Background technology
Thulium-doped fiber laser is operated in human eye safe waveband, has good application prospect in fields such as laser radar, remote sensing, medical treatment, free space optical communication, has become one of the most potential current laser technology.
Multi-wavelength thulium-doped fiber laser can substitute the labyrinth combined by multiple conventional laser at wavelength division multiplexing, and meets the requirement of multichannel number simultaneously, can very large simplied system structure, reduces costs.
Invention at present about multi-wavelength thulium-doped fiber laser is still in the starting stage with research, and existing multi-wavelength thulium-doped fiber laser mainly contains following several scheme: 1, adopt nonlinear polarization rotation and four-wave mixing effect; 2, properties in nonlinear optical loop mirror is adopted; 3, high-birefringence fiber Bragg grating is adopted.Scheme 1 and scheme 2 are all based on nonlinear effect, and nonlinear effect can effectively suppression mode competition, but the highly nonlinear optical fiber of needs introducing more than hundred meters in laser cavity, and threshold value is high, poor stability, complex structure, are unfavorable for that device is integrated with miniaturization.The multiwavelength laser number of wavelengths that scheme 3 obtains is limited, and number of wavelengths is untunable, is difficult to generation more than 3 wavelength and exports.Therefore, simplifying the mode competition that multi-wavelength optical fiber laser structure also suppresses to be caused by thulium atom HOMOGENEOUS BROADENING simultaneously effectively, is improve multi-wavelength optical fiber laser performance, the most effectual way reduced costs.
Summary of the invention
In order to solve, existing multi-wavelength thulium-doped fiber laser threshold value is high, poor stability, baroque technical problem in the present invention, proposes a kind of linear cavity multi-wavelength thulium-doped fiber laser based on M-Z interferometer.

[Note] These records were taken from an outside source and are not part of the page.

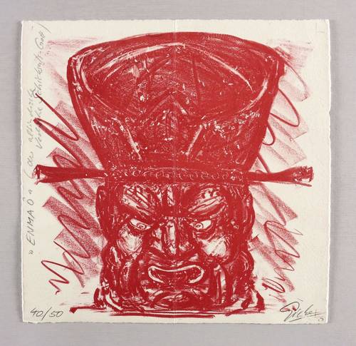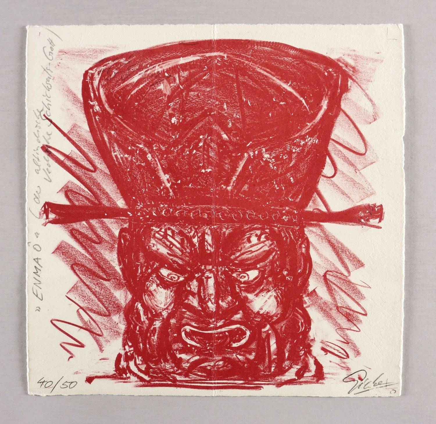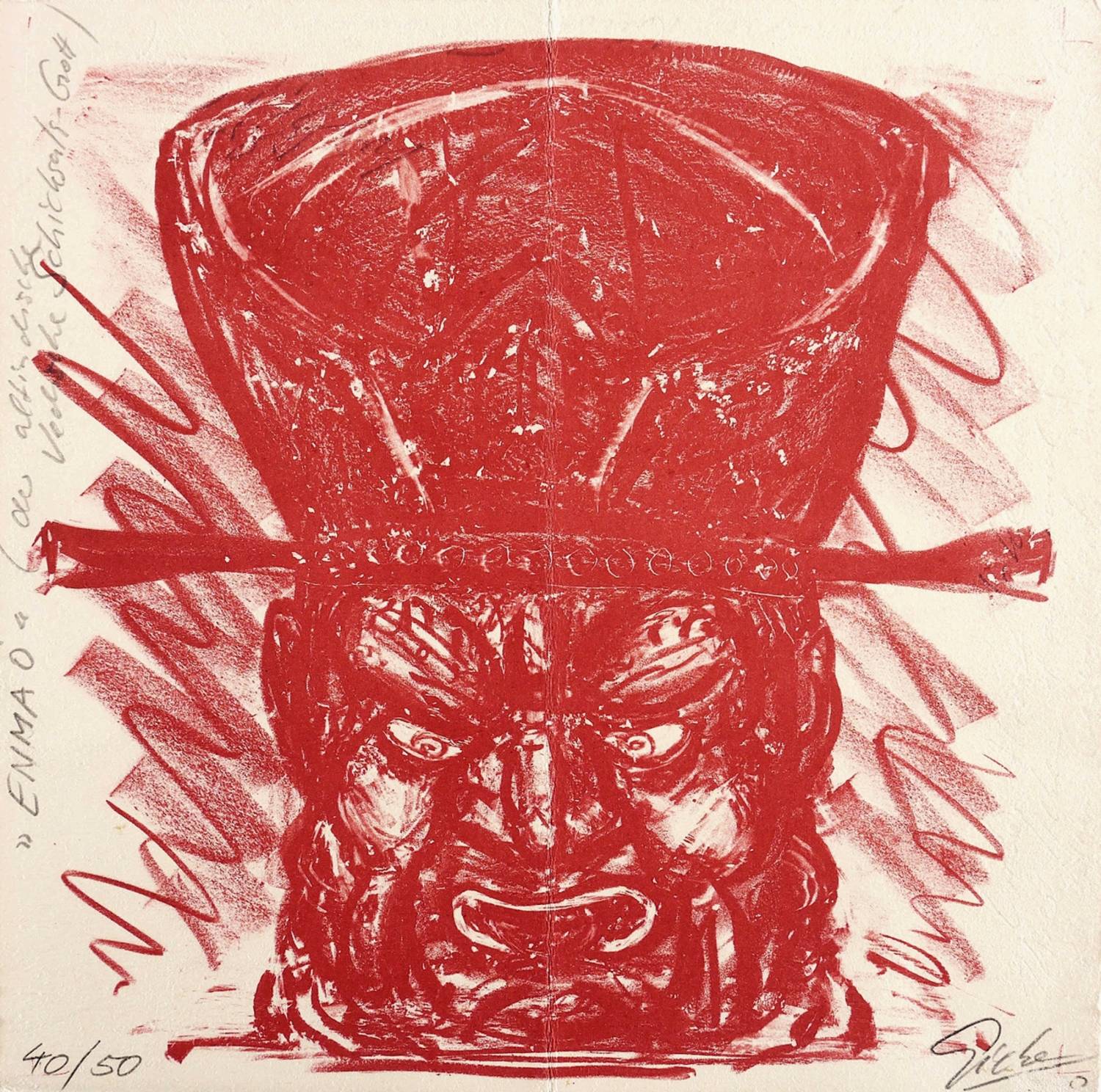 Unten rechts in Bleistift signiert und datiert. Links Auflagenbezeichnung, oben links bezeichnet: ″'ENMA Ô' (der altindische vedische Schicksals- Gott)″. – Mittig original vertikal gefaltet gewesen. Falte etwas ausgelegen. Sonst guter Zustand.
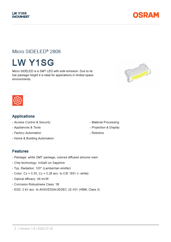 Micro SIDELED is a SMT LED with side emission. Due to its low package height it is ideal for applications in limited space environments.
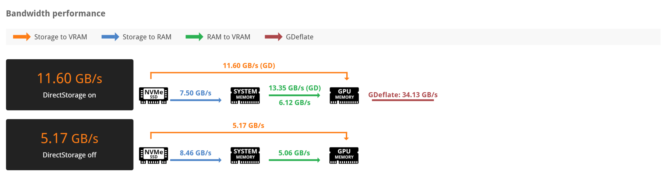 In our testing, data transfer achieved a 124.4% faster transfer of data than with MS DirectStorage disabled.

Based on the linear cavity multi-wavelength thulium-doped fiber laser of M-Z interferometer, comprise laser pumping source, wavelength division multiplexer, single mode thulium doped fiber, the first Polarization Controller second Polarization Controller, the first coupler, the second coupler, protect inclined thulium doped fiber and circulator;
It is characterized in that, laser pumping source is held with a of wavelength division multiplexer and is connected, the b end of wavelength division multiplexer is connected with single mode thulium doped fiber and the first Polarization Controller respectively with c end, the other end of the first Polarization Controller is connected with the first coupler d1 end, the d3 end of the first coupler is connected with the second Polarization Controller, the second Polarization Controller other end is connected with the inclined thulium doped fiber of guarantor, protect the inclined thulium doped fiber other end to be connected with the e1 end of the second coupler, the e2 end of the second coupler is connected with the d4 end of the first coupler, the e3 end of the second coupler is connected with e4 end, the d2 end of the first coupler is as output, the thulium doped fiber other end is connected with the f1 end of circulator, the f2 end of circulator is connected with f3 end, form full optical fiber laser linear laser cavity structure.
Pumping source adopts the laser diode of 1573nm, and a, b, c end of wavelength division multiplexer is respectively 1570nm end, common port and 2000nm end.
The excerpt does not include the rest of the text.